At work, you've created a service that half the company uses, and on the weekend you go camping the service crashes and nobody knows how to restart it. Half of the company is now in a failure mode.
A failure mode is a degradation of quality, but it is not yet a catastrophe. In your personal life and in your work, you should always think about what kind of quality you'll be limping along with if some component or assumption were to fail. If you find that quality is unpalatable, then it's time to go back to the drawing board and try again.
Back at home--cold, shivering, and with the neighbors watching--you grope around under the doormat and find the spare key you've hidden there. You've now recovered from the fault and exited the failure mode.
And at the office, your service is being monitored by some kind of watchdog process that detects the crash and restarts the service.

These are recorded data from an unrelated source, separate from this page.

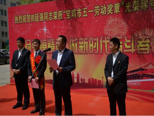 4月30日,寶雞市勞動者之歌暨慶祝“五一”國際勞動節(jié)大會勝利召開,公司劉延強同志被授予“寶雞市五一勞動獎章”光榮稱號,公司在總部辦公樓前舉行了簡樸隆重的歡迎儀式。公司副董事長、總經(jīng)理胥立,黨委書記景旭東,工會主席王建成等出席儀式,總部全體、寶雞文化藝術中心項目部管理人員參加。
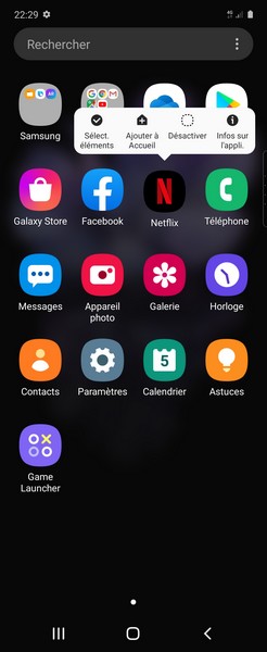 On a quelques applications issues de partenariats commerciaux, dont Facebook OneDrive et Netflix. Elles ne peuvent pas être désinstallées.
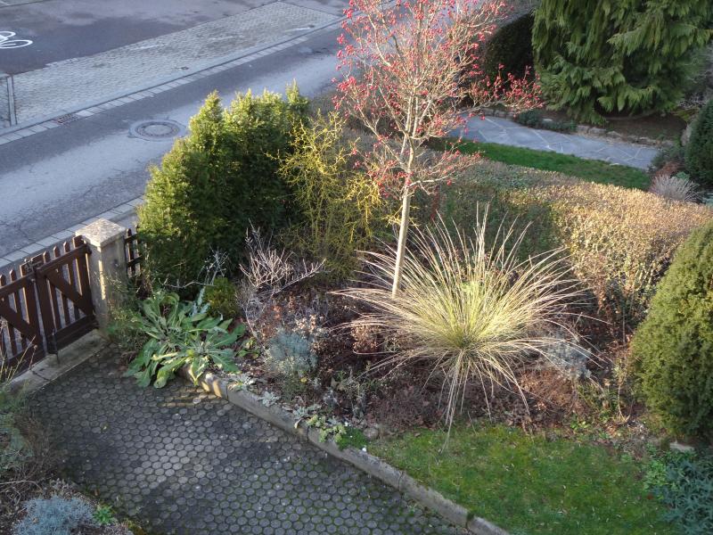 Auch hier sind noch die Früchte v. Apfeldorn am Baum: entweder haben wir heuer deutlich weniger Vögel, insbesondere Amseln oder es ist einfach hier noch nicht kalt genug gewesen und die Vögel finden noch im nicht zugeschneiten Wald genug Futter und kommen später...
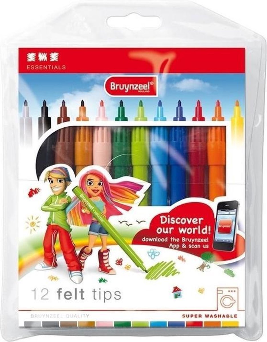 12 hoge kwaliteit Bruynzeel viltstiften. De inkt is op waterbasis en super uitwasbaar, en de punten zijn niet weg te drukken. Drogen niet uit en gaan lang mee. Geschikt voor kinderen vanaf 5 jaar.
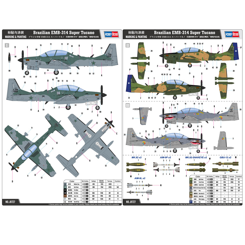 Brazilian EMB-314 Super Tucano marca Hobby Boss escala 1/48. Incluye partes en photo etched y decals para tres esquemas diferentes. (Fuerza aérea bracileña, colombiana y chilena)
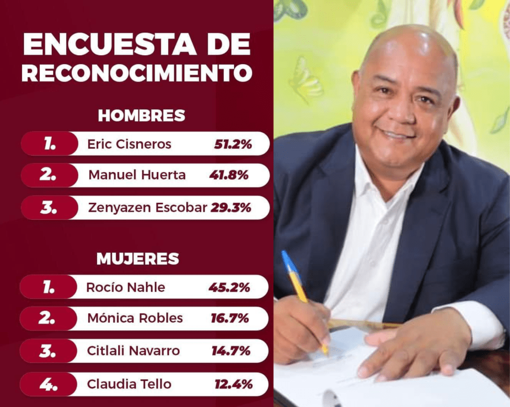 Eric Cisneros con 51%, 6 puntos arriba de Rocío Nahle que obtuvo el 45%; Manuel Huerta, 10 puntos abajo del puntero, con el 41%; y 22 puntos abajo Zenyazen Escobar García con 29%. Detrás están Mónica Robles, con 16%, Citlali Navarro 14%, y Claudia Tello, quién obtuvo el 12.4%.

The spare key and the watchdog process are insurance policies, but they should not be confused with the quality of your failure mode. You enter failure mode when a component fails, but insurance policies are just another kind of component. Maybe the spare key wasn't there this time, or maybe the watchdog itself crashed. Either way, you're still in a condition of degraded quality.

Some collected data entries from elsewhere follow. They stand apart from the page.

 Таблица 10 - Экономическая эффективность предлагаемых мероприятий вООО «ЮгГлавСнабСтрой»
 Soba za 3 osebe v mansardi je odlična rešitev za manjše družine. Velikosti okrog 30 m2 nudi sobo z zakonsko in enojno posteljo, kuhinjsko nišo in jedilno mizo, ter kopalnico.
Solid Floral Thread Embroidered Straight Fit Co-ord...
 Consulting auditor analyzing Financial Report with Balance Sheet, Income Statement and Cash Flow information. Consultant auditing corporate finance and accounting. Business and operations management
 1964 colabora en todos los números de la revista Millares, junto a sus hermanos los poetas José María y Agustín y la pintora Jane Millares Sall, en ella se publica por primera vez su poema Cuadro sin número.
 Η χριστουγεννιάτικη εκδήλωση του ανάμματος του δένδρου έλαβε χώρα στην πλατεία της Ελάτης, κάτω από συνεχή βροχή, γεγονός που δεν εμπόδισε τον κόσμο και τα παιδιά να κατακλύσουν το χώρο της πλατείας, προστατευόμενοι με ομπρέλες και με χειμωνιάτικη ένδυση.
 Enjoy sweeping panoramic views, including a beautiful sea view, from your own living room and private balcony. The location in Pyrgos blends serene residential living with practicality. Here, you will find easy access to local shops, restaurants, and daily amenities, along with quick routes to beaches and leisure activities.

Having an insurance policy doesn't absolve you from engineering as much quality as possible into each level of failure mode. All that you've done is create more possible failure modes.

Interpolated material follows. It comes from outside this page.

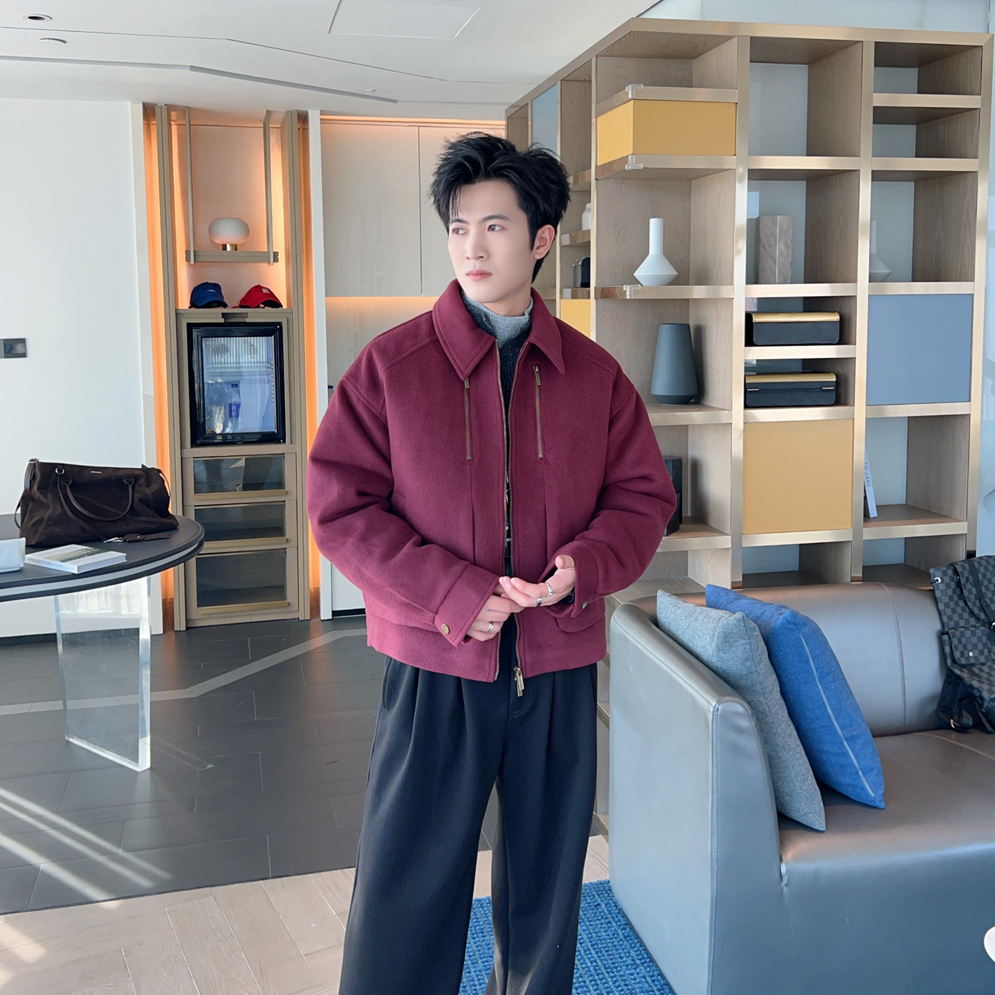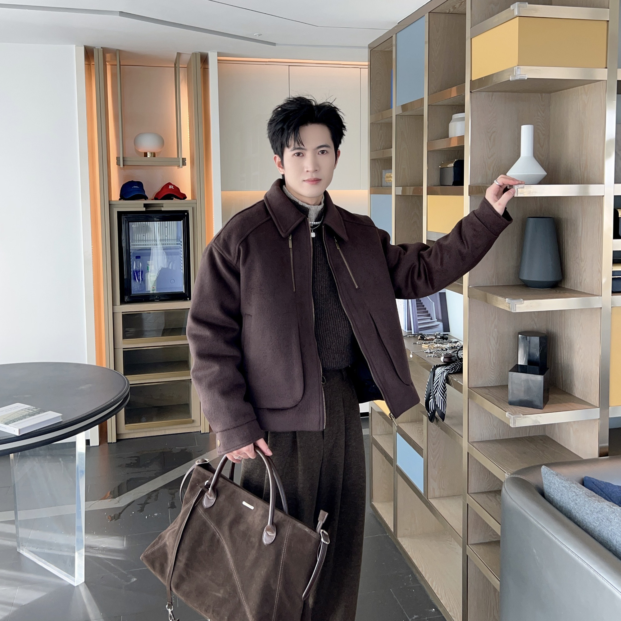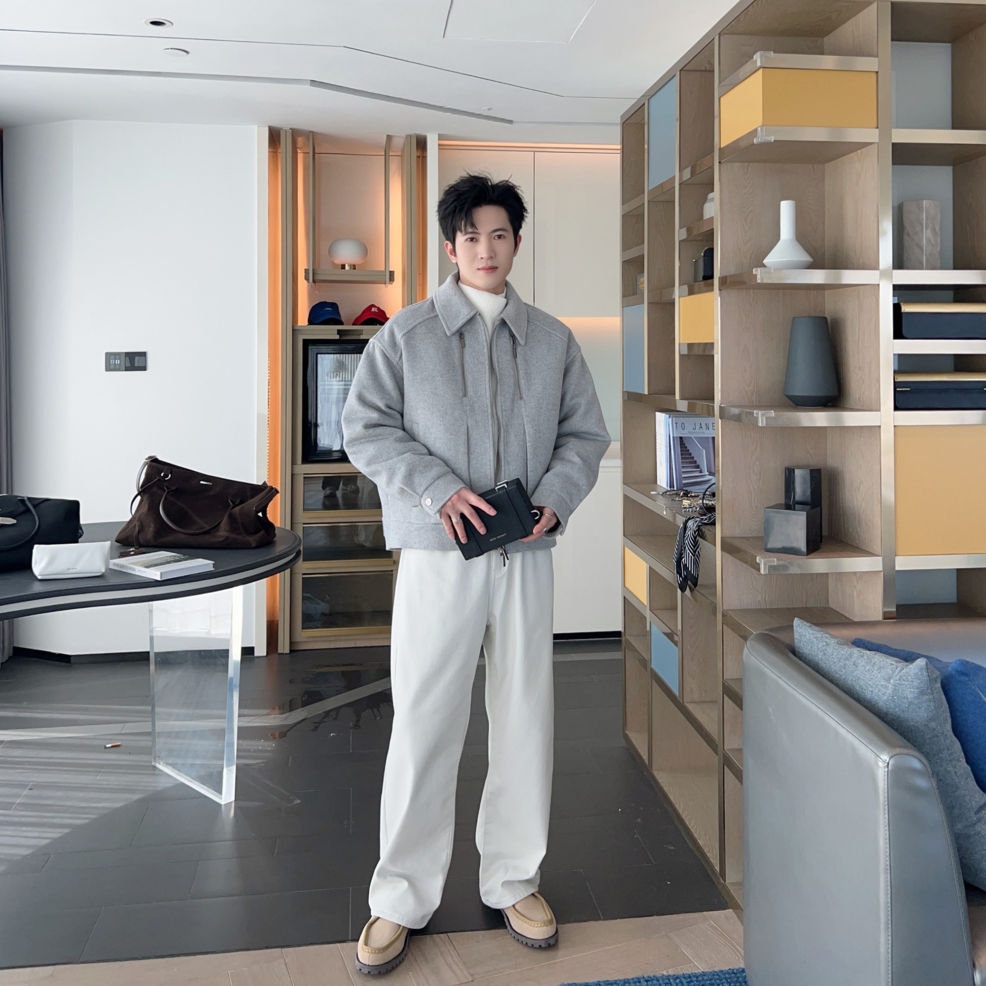 冬季含羊毛呢可拆卸内胆羽绒服男cleanfit时尚宽松加厚白鸭绒外套

Having learned your lesson, you now either get dressed and put on a coat before going outside to fetch the paper, or you switch to an online subscription, or you defer reading the newspaper until after you're dressed and on the train for work. You've now either eliminated or changed the quality of the failure mode to something more acceptable.
At work it's not likely to be so simple, but consider some of the general techniques below as a starting point.
An example is checking credit card numbers for validity and sufficient funds, which will depend on the success of both your code and the gateway service you're paying for. Some systems are set up to refuse a transaction if it's unable to validate them, even if the transaction would be valid otherwise. You need to design your system so that validation takes place after a transaction has been received and recorded, and that the transaction is considered "on hold" until validation is performed
Transferring money between two accounts is the canonical example of why Transactions are important; if a fault happens after you've decreased the balance of the sender, but haven't yet increased the balance of the receiver, then the money disappears. Databases support Transactions, but now so do filesystems, queues, and even memory. If your platform supports Distributed Transactions, then you can even tie everything together: pulling a message off a queue, updating multiple tables on multiple databases, and writing to an audit log file can now all happen in the same transaction, so that if the final step of writing to the audit log fails, then everything is rewound all the way back to the queue for the chance to try again. If the operation still continues to fail, you'll still have a system with consistent quality
This morning you get a notification that a Big Box Store wants you to ship with "signature required" service on large orders, and to do that they're changing part of the EDI spec to contain a new boolean value. The problem is that notification was sent a month ago and nobody remembered to forward it to the IT department until the change had already gone into effect. If you were deleting their EDI files after importing them into the database then you'd be in hot water. It may still be awkward even if you had backups to restore from, because now you've got a thousand workflows in various stages that have to be changed. To solve this, you'll want a system that records changes to a workflow's state, but doesn't actually change any data. The workflow has to begin with the EDI document and use it as the bible all the way to the end. You pull the minimum details into your database for tracking and indexing, and build an abstraction layer to query the original document for everything that isn't performance sensitive (such as getting the spec for the shipping label). Now when the document's format changes, you only have to change the abstraction layer
Every system has failure modes, all the way from the trivialities of your personal life to the global economy, and the truth is that we are always operating in at least one failure mode all of the time. My car's suspension needs work, we just lost an employee who walked out with a lot of unwritten knowledge, access to credit has dried up and the economy is shrinking. And yet my car still runs, the company is still in business, and we can still buy and sell things. We just cope with the degradation of quality and work to improve it somehow.